What you should do — After dropping the pictures, give again exactly the lines of the data from its first line through the line with "Exterior: Lighting, Outdoor", which is included as well.

Stored data —

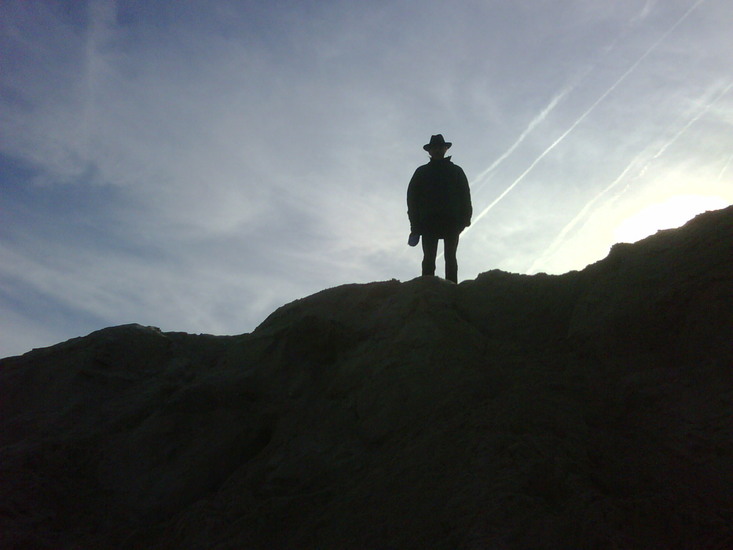man op de top van de duinen
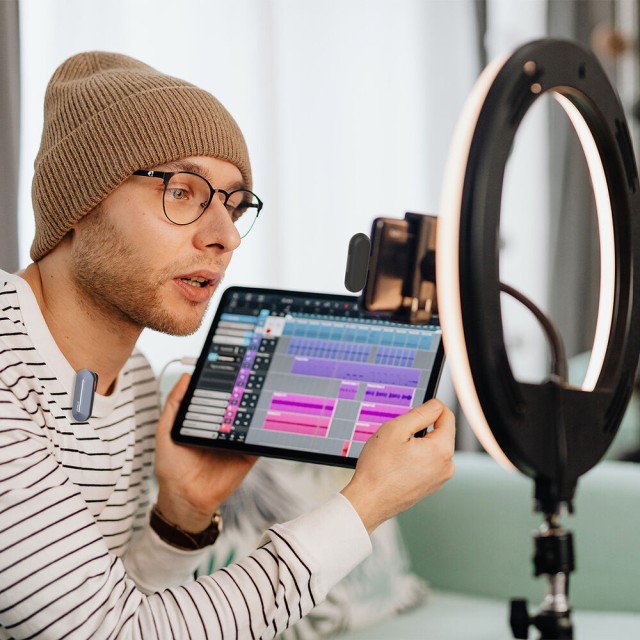 It functions to provide the vloggers, performers, etc. with a mix of audio sources, including ongoing recording and continued backgrounding. This helps reduce the exposure to loud sound and the risk of hearing loss.
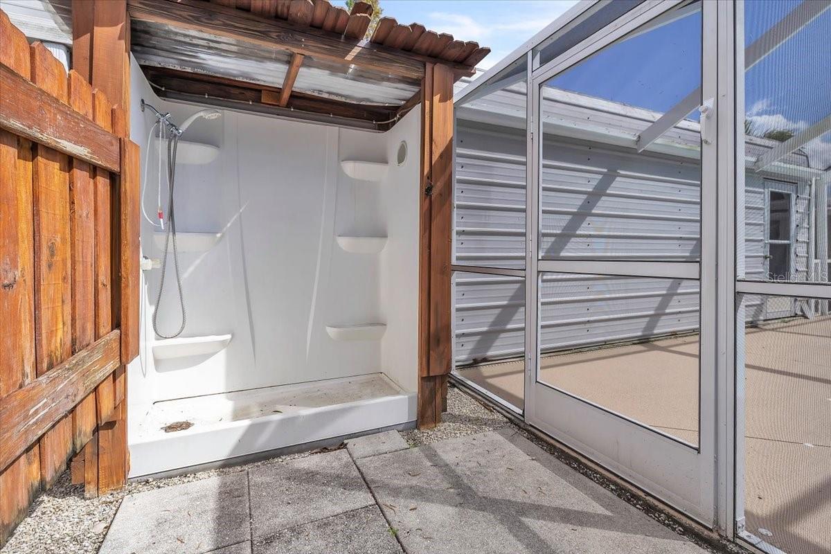 Exterior: Lighting, Outdoor Shower, Rain Gutters, Shade Shutter(s), Sliding Doors, Storage
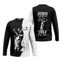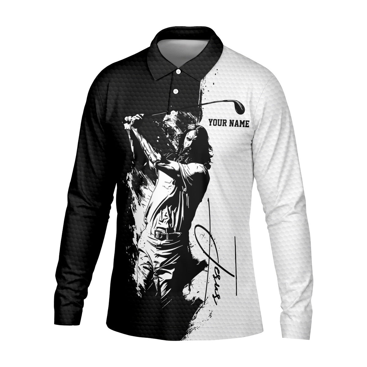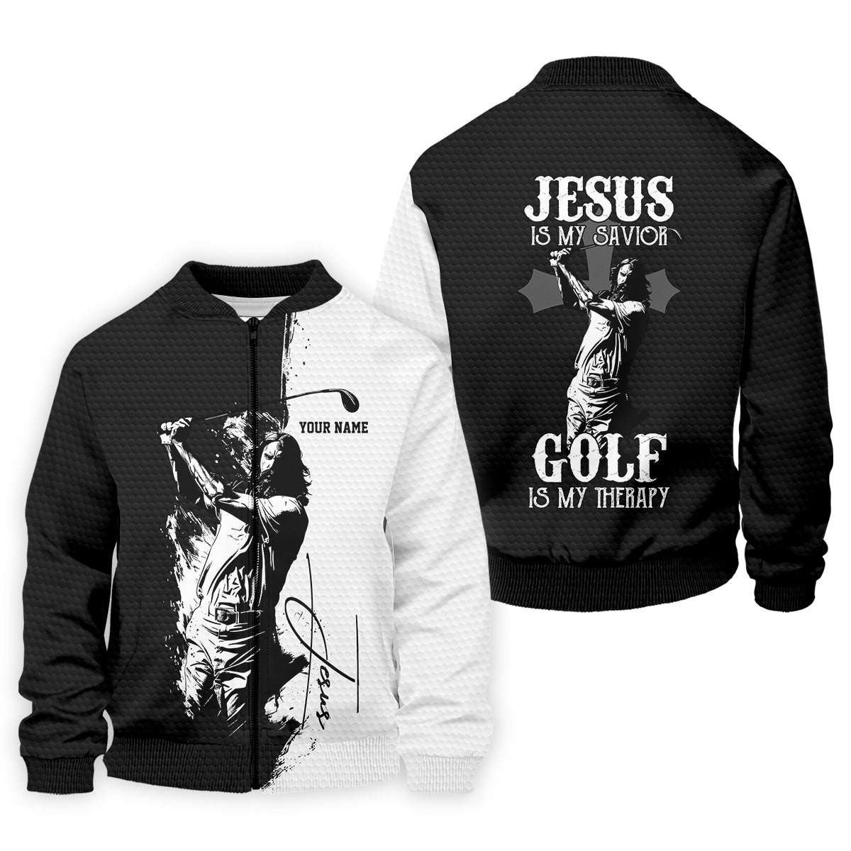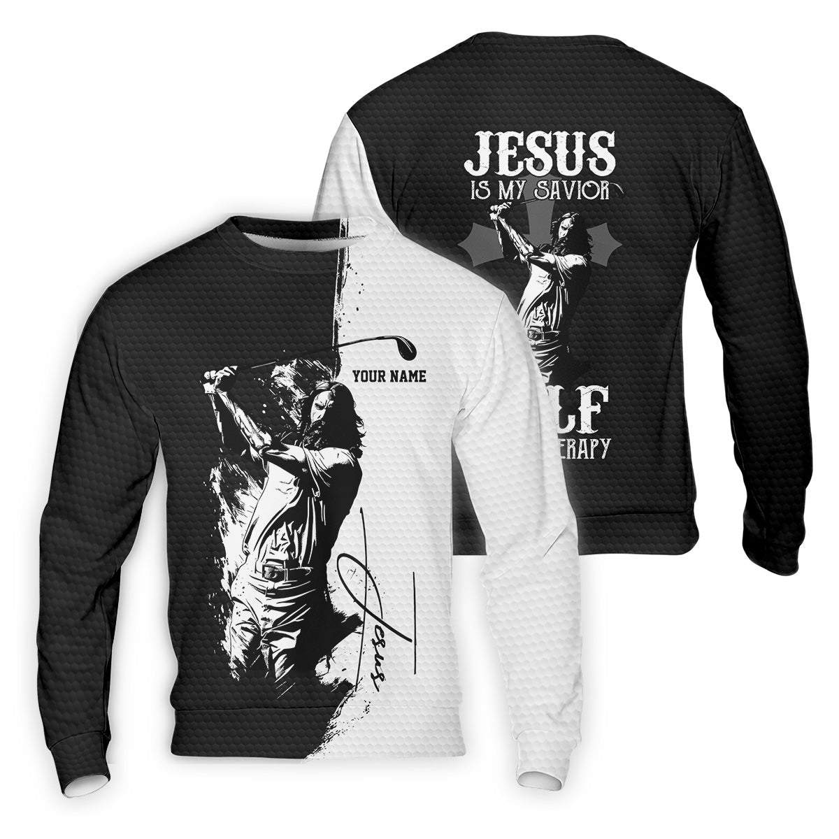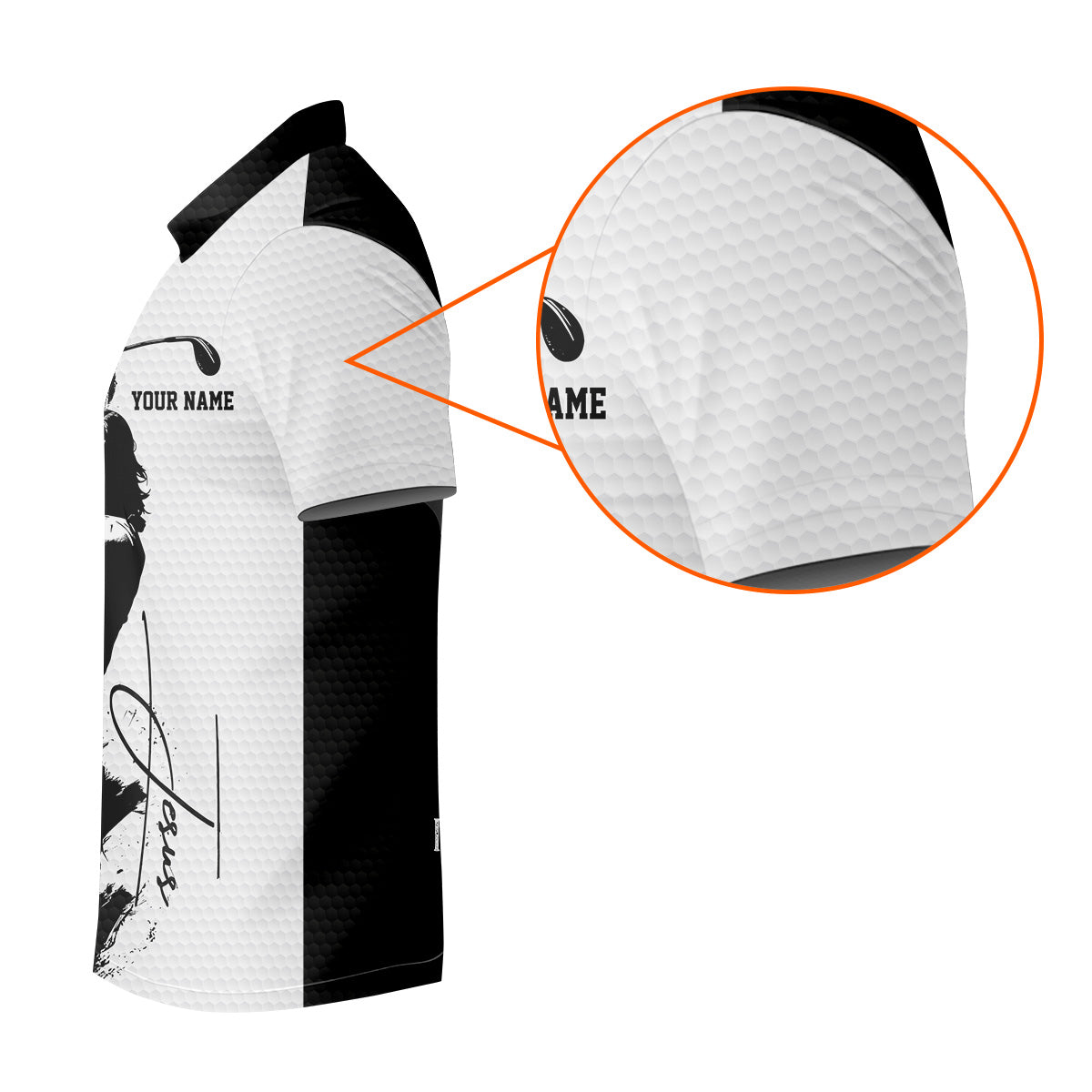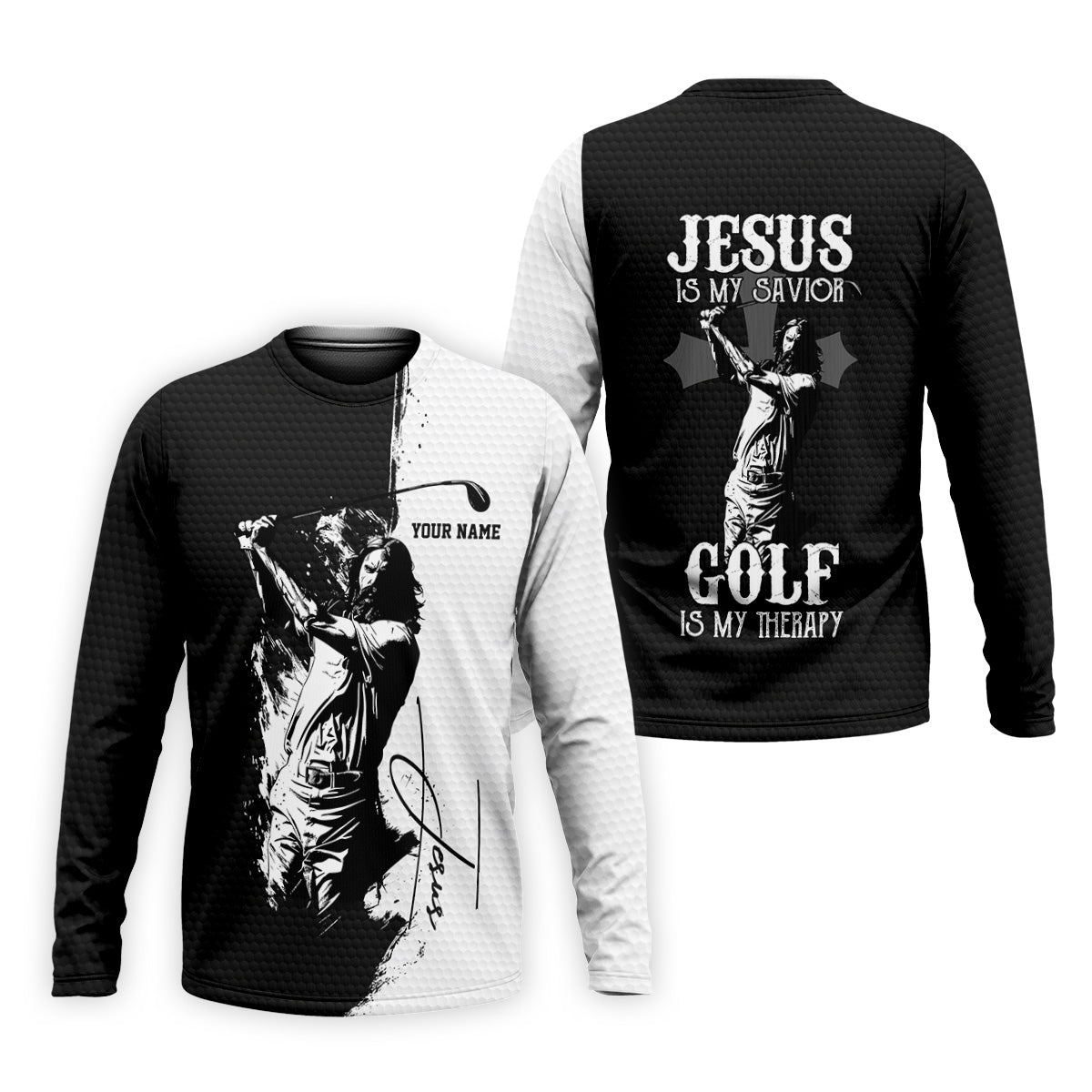Jesus Is My Savior Golf Is My Therapy Christian Golf Shirt, Black And White Golf Polo, Polo Shirts For Men

Solved problem —
man op de top van de duinen
 It functions to provide the vloggers, performers, etc. with a mix of audio sources, including ongoing recording and continued backgrounding. This helps reduce the exposure to loud sound and the risk of hearing loss.
 Exterior: Lighting, Outdoor Shower, Rain Gutters, Shade Shutter(s), Sliding Doors, Storage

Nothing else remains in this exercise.